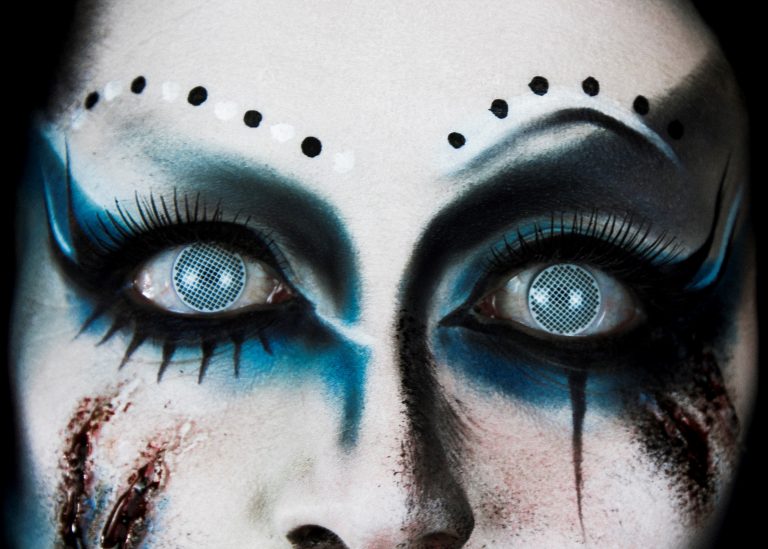 Nothing makes a statement better than a set of contact lenses if you’re looking to go that extra mile. They are an instant way to upgrade your look, take it to the next level and make you the stand out at almost any social event. They are of course also notoriously hard to get in unless you wear them as part of your everyday life and may also leave you with limited vision while being worn. Here Alice is given an otherworldly look with use of a matching pair of lenses while a single white lens still makes quite a statement. A word of warning though…….
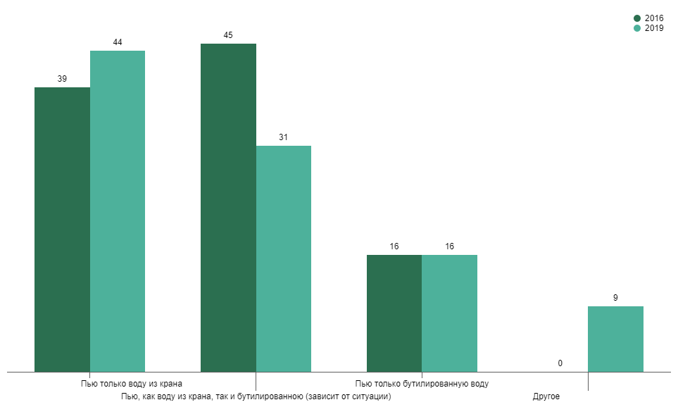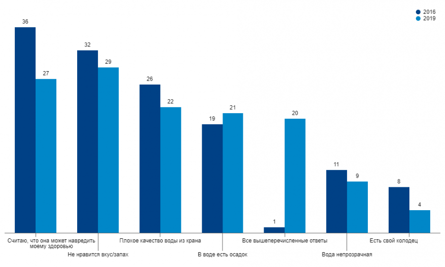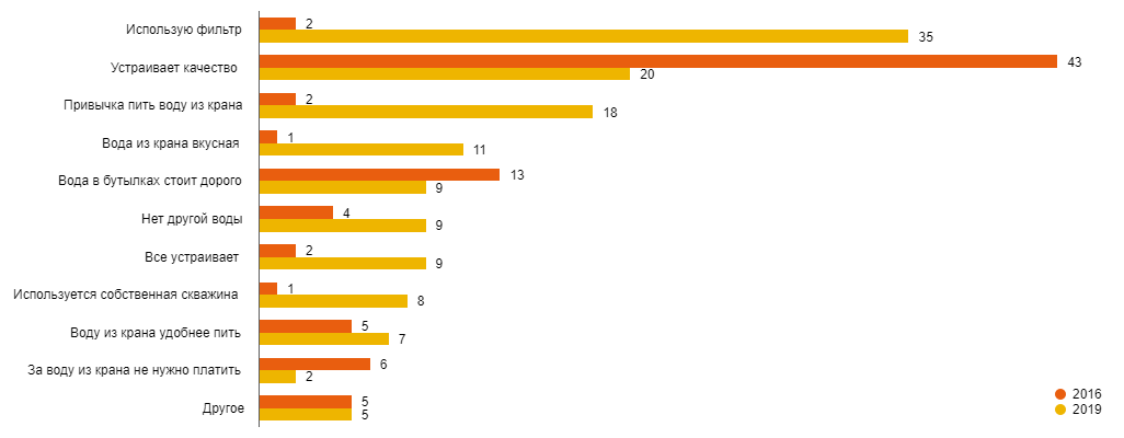 Главная причина начать употреблять воду из городской сети водоснабжения — это покупка фильтра, сообщили 35% респондентов. Те, кто избегают воды из-под крана в любом виде, чаще всего называют причиной потенциальный вред для здоровья. Сегодня в этом уверены 27%, а три года назад за свое самочувствие опасались 36% опрошенных. Есть те, кому не нравятся вкус и запах воды (29%), они считают ее недостаточно чистой (22%) или говорят о наличии осадка (21%).
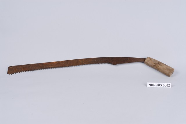 本文物為手鋸,是伐木或山林工作的工具。本件手鋸鋸齒成凹弧形,又稱彎鋸,適合切割圓形的樹幹、粗樹枝,多用於伐木或山林農業。本件手鋸以鐵鋸片和木握柄組成,鋸片後端朝下斜插入木握柄中。鋸刃長42公分。此種形式的鋸子在日本時代從日本引入,早期用於伐木事業,為伐木工隨身攜帶手鋸,可清理環境、鋸直徑較小的樹木製作木架等。本件手鋸的鋸片後端有以兩片鐵片夾住,以鉚釘焊接,為使用後修補時增加,非原鋸片作法。其修補鉚釘為日本時代即引入作法。

==================================================

To do — Word for word, reproduce the listing above; no image should be carried over.

Task response —
 Nothing makes a statement better than a set of contact lenses if you’re looking to go that extra mile. They are an instant way to upgrade your look, take it to the next level and make you the stand out at almost any social event. They are of course also notoriously hard to get in unless you wear them as part of your everyday life and may also leave you with limited vision while being worn. Here Alice is given an otherworldly look with use of a matching pair of lenses while a single white lens still makes quite a statement. A word of warning though…….
 Главная причина начать употреблять воду из городской сети водоснабжения — это покупка фильтра, сообщили 35% респондентов. Те, кто избегают воды из-под крана в любом виде, чаще всего называют причиной потенциальный вред для здоровья. Сегодня в этом уверены 27%, а три года назад за свое самочувствие опасались 36% опрошенных. Есть те, кому не нравятся вкус и запах воды (29%), они считают ее недостаточно чистой (22%) или говорят о наличии осадка (21%).
 本文物為手鋸,是伐木或山林工作的工具。本件手鋸鋸齒成凹弧形,又稱彎鋸,適合切割圓形的樹幹、粗樹枝,多用於伐木或山林農業。本件手鋸以鐵鋸片和木握柄組成,鋸片後端朝下斜插入木握柄中。鋸刃長42公分。此種形式的鋸子在日本時代從日本引入,早期用於伐木事業,為伐木工隨身攜帶手鋸,可清理環境、鋸直徑較小的樹木製作木架等。本件手鋸的鋸片後端有以兩片鐵片夾住,以鉚釘焊接,為使用後修補時增加,非原鋸片作法。其修補鉚釘為日本時代即引入作法。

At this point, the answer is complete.